(Material for this task Opens)
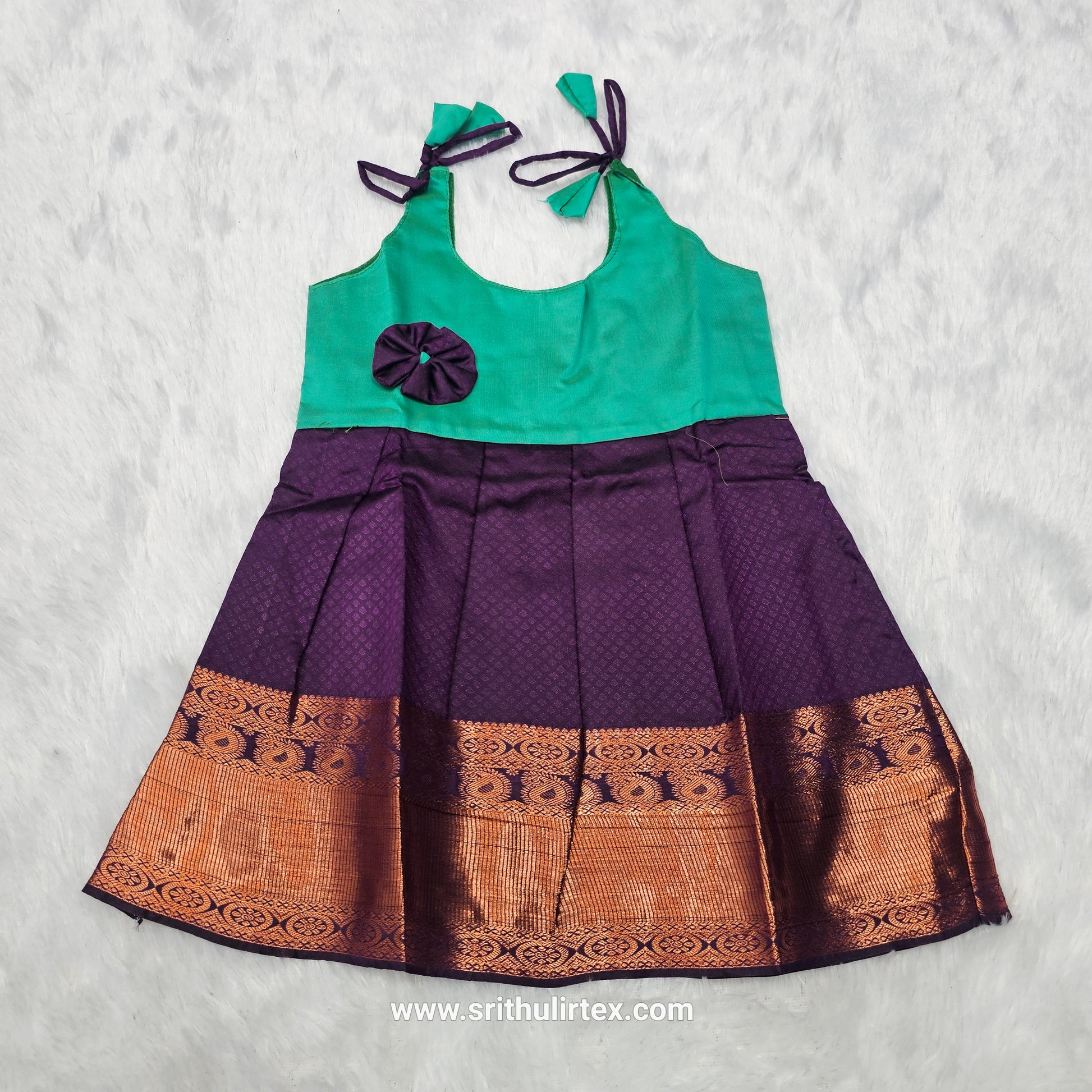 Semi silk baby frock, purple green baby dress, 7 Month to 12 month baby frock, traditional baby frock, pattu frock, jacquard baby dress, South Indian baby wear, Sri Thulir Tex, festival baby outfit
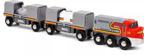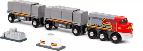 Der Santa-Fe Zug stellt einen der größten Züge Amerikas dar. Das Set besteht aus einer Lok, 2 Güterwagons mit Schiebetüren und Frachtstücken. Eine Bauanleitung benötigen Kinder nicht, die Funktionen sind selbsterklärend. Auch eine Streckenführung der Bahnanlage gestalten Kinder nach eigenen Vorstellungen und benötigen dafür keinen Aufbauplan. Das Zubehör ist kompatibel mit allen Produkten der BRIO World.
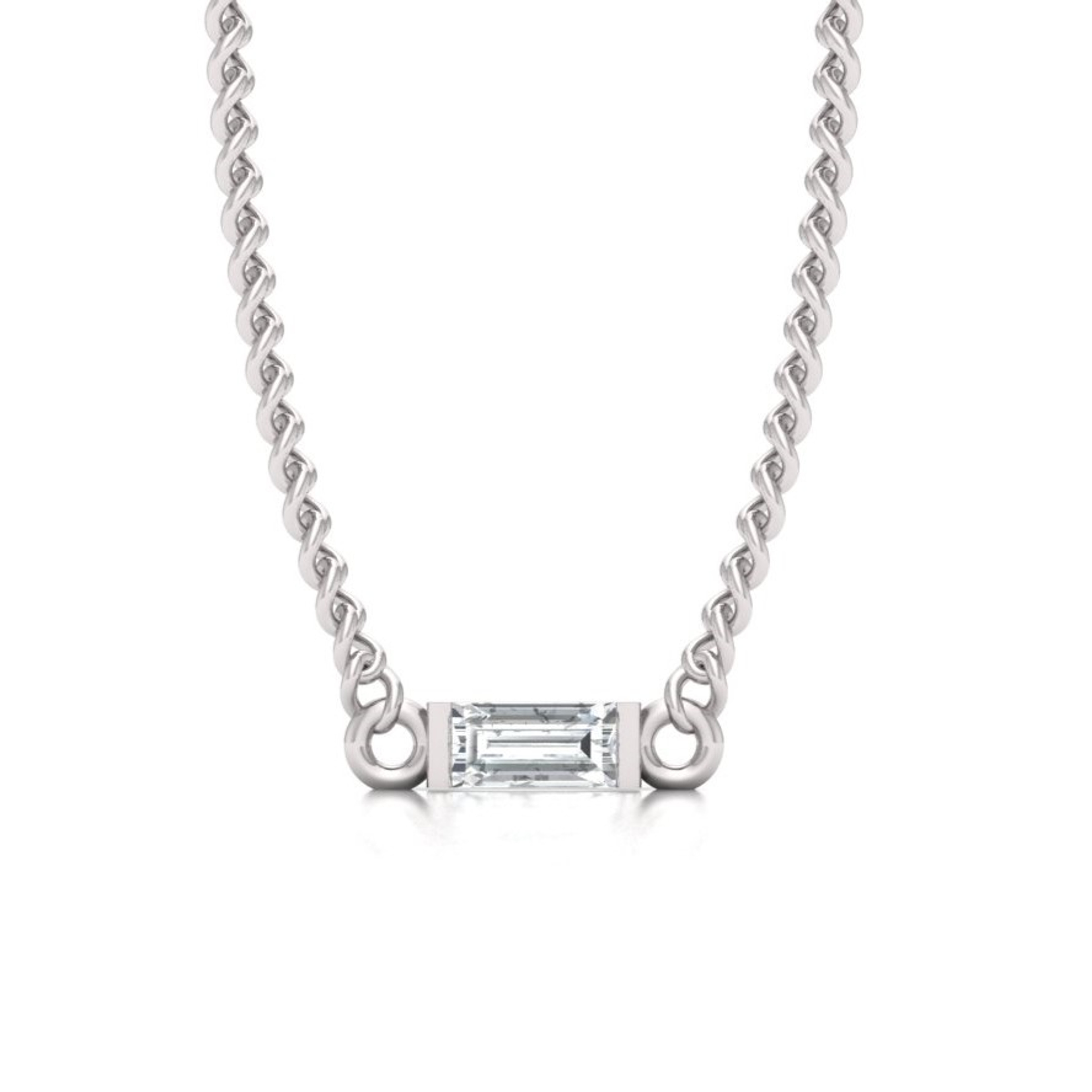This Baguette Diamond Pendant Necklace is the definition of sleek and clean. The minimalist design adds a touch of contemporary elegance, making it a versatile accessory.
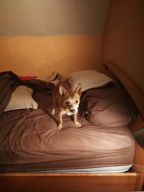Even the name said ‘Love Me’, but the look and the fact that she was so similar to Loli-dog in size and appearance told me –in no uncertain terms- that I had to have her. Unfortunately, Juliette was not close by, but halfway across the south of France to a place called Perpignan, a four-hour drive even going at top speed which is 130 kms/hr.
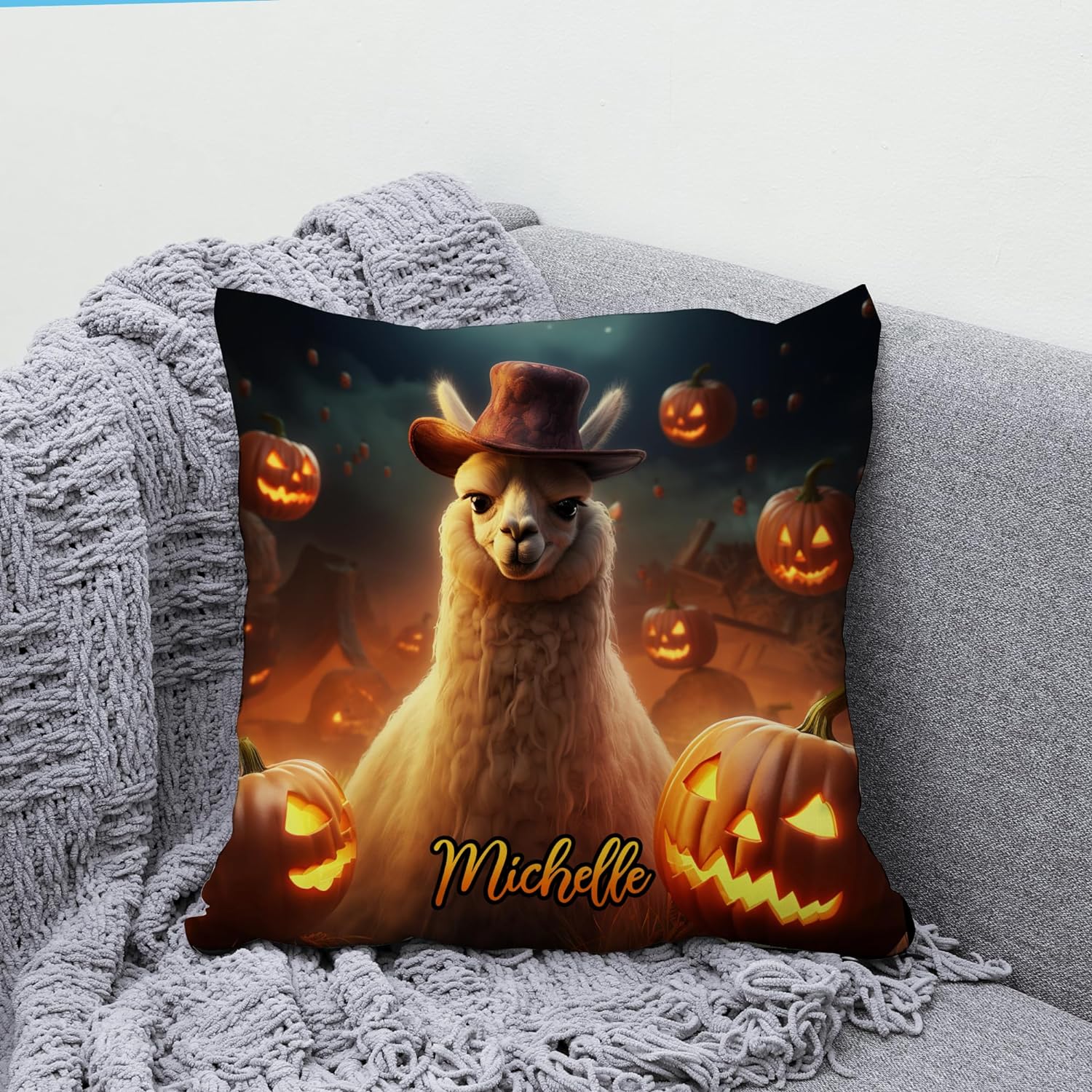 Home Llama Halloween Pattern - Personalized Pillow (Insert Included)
(Material for this task Closes)
■ Problem
What you return must match, line for line, the records from the line containing "Even the name" through their end, with both ends included and no pictures.

■ Your response
Even the name said ‘Love Me’, but the look and the fact that she was so similar to Loli-dog in size and appearance told me –in no uncertain terms- that I had to have her. Unfortunately, Juliette was not close by, but halfway across the south of France to a place called Perpignan, a four-hour drive even going at top speed which is 130 kms/hr.
 Home Llama Halloween Pattern - Personalized Pillow (Insert Included)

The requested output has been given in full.